Gegen diese Verfügungen beschwert sich A fristgerecht.
In der Vernehmlassung beantragt die Ausgleichskasse Abweisung der Beschwerde, soweit darauf einzutreten sei.
Das Verwaltungsgericht hat die Beschwerde aus folgenden Erwägungen abgewiesen, soweit es darauf eintrat:
b) Ändert sich der Grad der Invalidität eines Rentenbezügers in einer für den Anspruch erheblichen Weise, so ist die Rente für die Zukunft entsprechend zu erhöhen, herabzusetzen oder aufzuheben (Art. 41 IVG). Eine solche Rentenrevision erfolgt entweder von Amtes wegen oder auf Gesuch hin; dabei ist im Revisionsgesuch glaubhaft zu machen, dass sich der Grad der Invalidität des Versicherten in einer für den Anspruch erheblichen Weise geändert hat (Art. 87 Abs. 1 und 3 IVV). Nach der Rechtsprechung ist dabei als zeitliche Vergleichsbasis einerseits der Sachverhalt im Zeitpunkt der ursprünglichen Rentenverfügung und anderseits derjenige zur Zeit der streitigen Revisi-onsverfügung zu berücksichtigen (BGE 106 V 87 Erw. 1 a, 105 V 30); allerdings wird in BGE 105 V 30 beigefügt, dass einer Verfügung, welche die ursprüngliche Rentenverfügung bloss bestätigt, bei der Bestimmung der zeitlichen Vergleichsbasis keine Rechtserheblichkeit zukommt. Diese Umschreibung zielt insbesondere auf jenen Fall ab, wo die ursprüngliche Rentenverfügung im späteren Revisionsverfahren nicht geändert, sondern bloss bestätigt worden ist. Anderseits liegt der Sinn dieser Praxis darin, dass eine Revisionsverfügung dann als Vergleichsbasis heranzuziehen ist, wenn darin die ursprüngliche Rentenverfügung nicht bestätigt, sondern die laufende Rente aufgrund eines neu festgesetzten Invaliditätsgrades geändert wurde.

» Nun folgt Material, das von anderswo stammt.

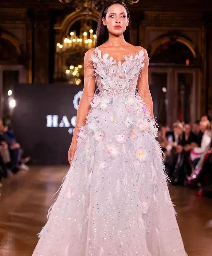 這件禮服是來自Hacchic Couture 2024秋冬系列,據說是用2000片羽毛縫製而成,看起來兼具輕盈和貴氣,宛若人間精靈。
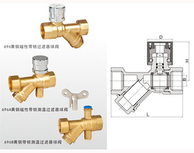 埃美柯黃銅磁性帶鎖(測溫)過濾器球閥696概述:

Damit wird gleichzeitig auch anerkannt, dass der Beschwerdeführer in jedem Fall Anspruch auf eine Härtefallrente hat. Wäre dies nicht der Fall, hätte sich das Verfügungsdispositiv geändert und die vorgenomrnene Revision wäre auch aus diesem Grund materiell zu überprüfen gewesen. Was der Beschwerdeführer in dieser Hinsicht - mit der besagten Ausnahme, dass er Anspruch auf eine ordentliche halbe Rente erhebt - bemängelt, ist nicht ersichtlich. Die Ausgleichskasse gibt in ihrer Vernehmlassung die Bestimmungen der Häftefallberechnung zutreffend wieder. Zudem verweist sie darauf, dass die Härtefallberechnung aufgrund der eigenen Angaben des Beschwerdeführers im Ergänzungsblatt 3 sowie seiner Steuererklärung erfolgt ist.